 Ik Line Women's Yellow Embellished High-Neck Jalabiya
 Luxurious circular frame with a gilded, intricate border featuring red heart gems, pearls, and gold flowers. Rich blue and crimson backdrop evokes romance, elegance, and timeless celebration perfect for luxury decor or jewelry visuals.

---

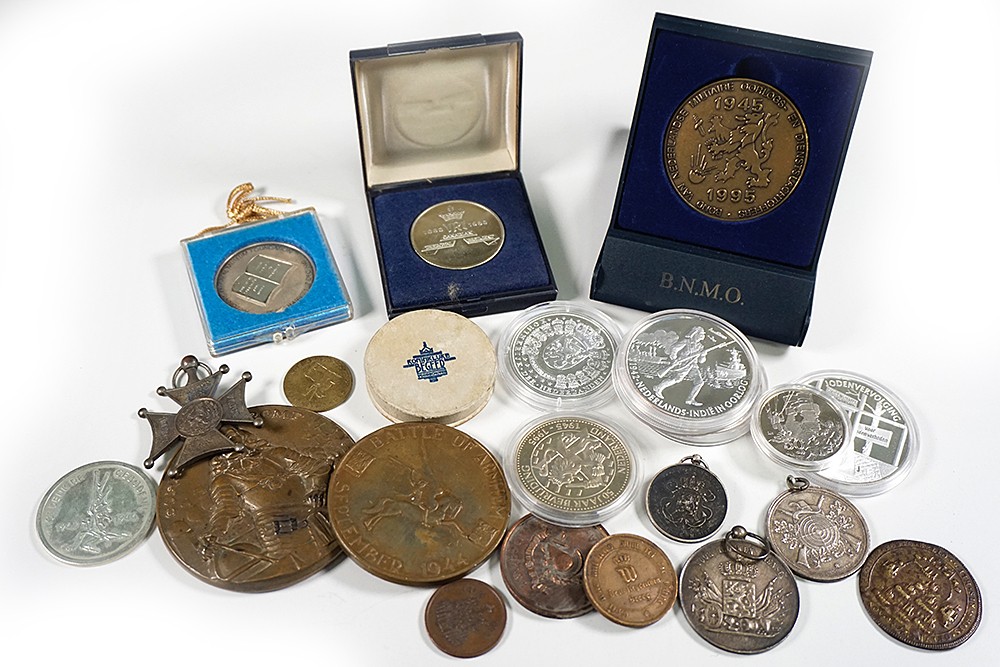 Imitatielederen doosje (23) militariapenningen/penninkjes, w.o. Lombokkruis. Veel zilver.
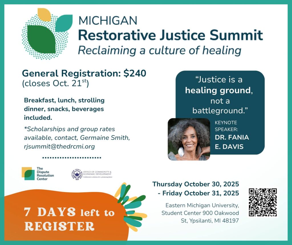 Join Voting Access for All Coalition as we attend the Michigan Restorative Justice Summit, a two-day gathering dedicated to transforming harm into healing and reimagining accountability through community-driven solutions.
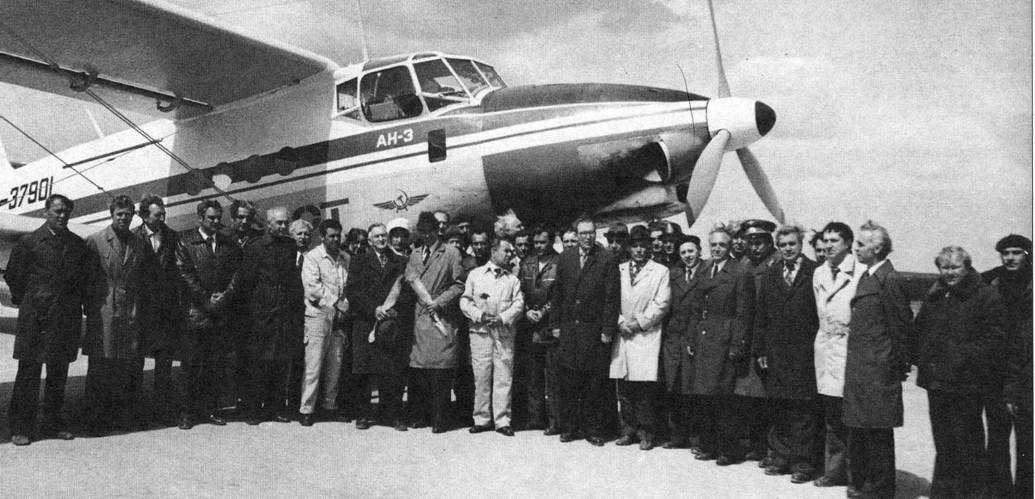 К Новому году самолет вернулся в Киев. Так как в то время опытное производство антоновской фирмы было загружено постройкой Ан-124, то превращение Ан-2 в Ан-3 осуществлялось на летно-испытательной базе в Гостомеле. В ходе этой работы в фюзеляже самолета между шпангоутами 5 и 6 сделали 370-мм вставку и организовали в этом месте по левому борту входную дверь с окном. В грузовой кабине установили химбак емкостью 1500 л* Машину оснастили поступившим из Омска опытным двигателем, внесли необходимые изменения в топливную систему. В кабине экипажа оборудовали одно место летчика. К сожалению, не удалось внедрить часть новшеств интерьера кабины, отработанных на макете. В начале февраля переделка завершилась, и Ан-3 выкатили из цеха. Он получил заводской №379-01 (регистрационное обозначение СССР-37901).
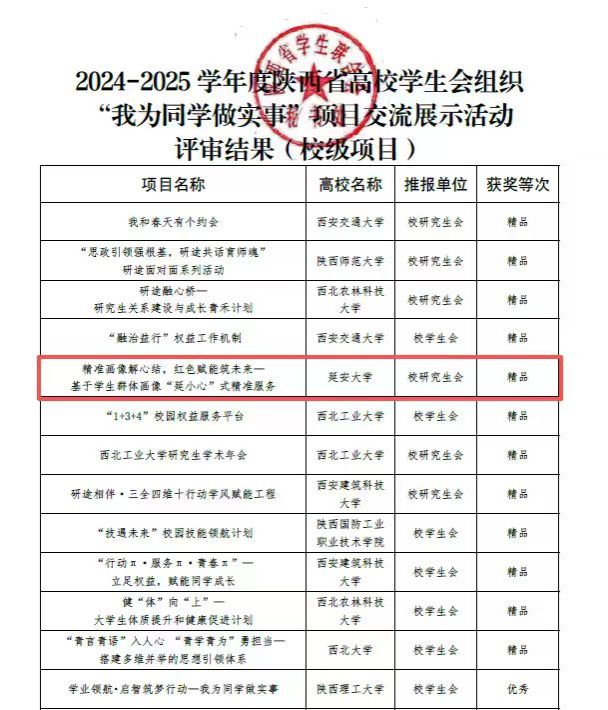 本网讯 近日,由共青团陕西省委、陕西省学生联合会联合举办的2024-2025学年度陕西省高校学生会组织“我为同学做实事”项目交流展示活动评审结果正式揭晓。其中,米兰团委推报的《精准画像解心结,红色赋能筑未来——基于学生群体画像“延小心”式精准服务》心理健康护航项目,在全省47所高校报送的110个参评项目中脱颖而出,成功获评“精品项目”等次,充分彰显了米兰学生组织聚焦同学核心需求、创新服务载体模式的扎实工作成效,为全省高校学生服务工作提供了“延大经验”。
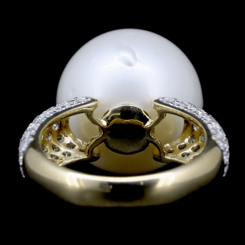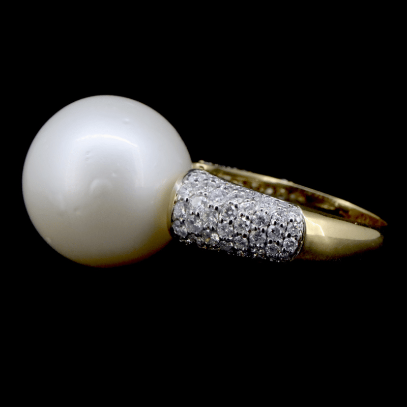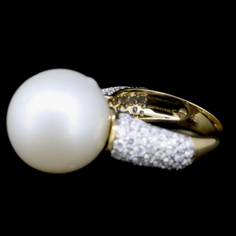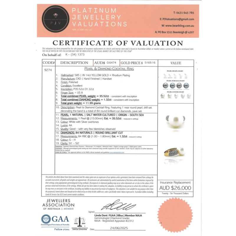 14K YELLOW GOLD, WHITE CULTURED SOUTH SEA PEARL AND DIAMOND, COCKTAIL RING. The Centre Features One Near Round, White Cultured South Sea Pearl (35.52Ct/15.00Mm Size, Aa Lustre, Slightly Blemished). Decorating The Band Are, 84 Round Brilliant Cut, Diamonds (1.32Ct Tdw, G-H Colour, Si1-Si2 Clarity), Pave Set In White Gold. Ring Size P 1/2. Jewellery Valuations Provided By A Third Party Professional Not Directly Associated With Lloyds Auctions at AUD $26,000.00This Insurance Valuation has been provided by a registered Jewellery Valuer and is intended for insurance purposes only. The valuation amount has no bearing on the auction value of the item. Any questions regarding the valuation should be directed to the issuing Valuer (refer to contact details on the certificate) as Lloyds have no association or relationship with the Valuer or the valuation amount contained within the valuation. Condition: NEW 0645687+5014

--

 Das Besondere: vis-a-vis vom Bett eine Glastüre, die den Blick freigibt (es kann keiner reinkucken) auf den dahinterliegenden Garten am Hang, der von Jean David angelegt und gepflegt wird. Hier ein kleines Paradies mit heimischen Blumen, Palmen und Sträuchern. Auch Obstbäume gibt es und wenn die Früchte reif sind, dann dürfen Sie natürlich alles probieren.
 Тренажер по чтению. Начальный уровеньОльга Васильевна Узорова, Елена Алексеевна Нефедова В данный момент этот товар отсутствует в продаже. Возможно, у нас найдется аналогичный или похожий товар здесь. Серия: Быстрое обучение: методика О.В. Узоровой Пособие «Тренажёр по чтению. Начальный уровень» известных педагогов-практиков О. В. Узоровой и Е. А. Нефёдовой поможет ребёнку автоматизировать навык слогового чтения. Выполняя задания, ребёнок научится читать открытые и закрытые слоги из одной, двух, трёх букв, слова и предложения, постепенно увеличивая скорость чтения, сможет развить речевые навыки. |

Exercise:
In the listing above, locate the line containing "Ik Line Women's" and the line containing "Luxurious circular frame". Transcribe those two lines and everything between them, exactly as written.

Worked solution:
 Ik Line Women's Yellow Embellished High-Neck Jalabiya
 Luxurious circular frame with a gilded, intricate border featuring red heart gems, pearls, and gold flowers. Rich blue and crimson backdrop evokes romance, elegance, and timeless celebration perfect for luxury decor or jewelry visuals.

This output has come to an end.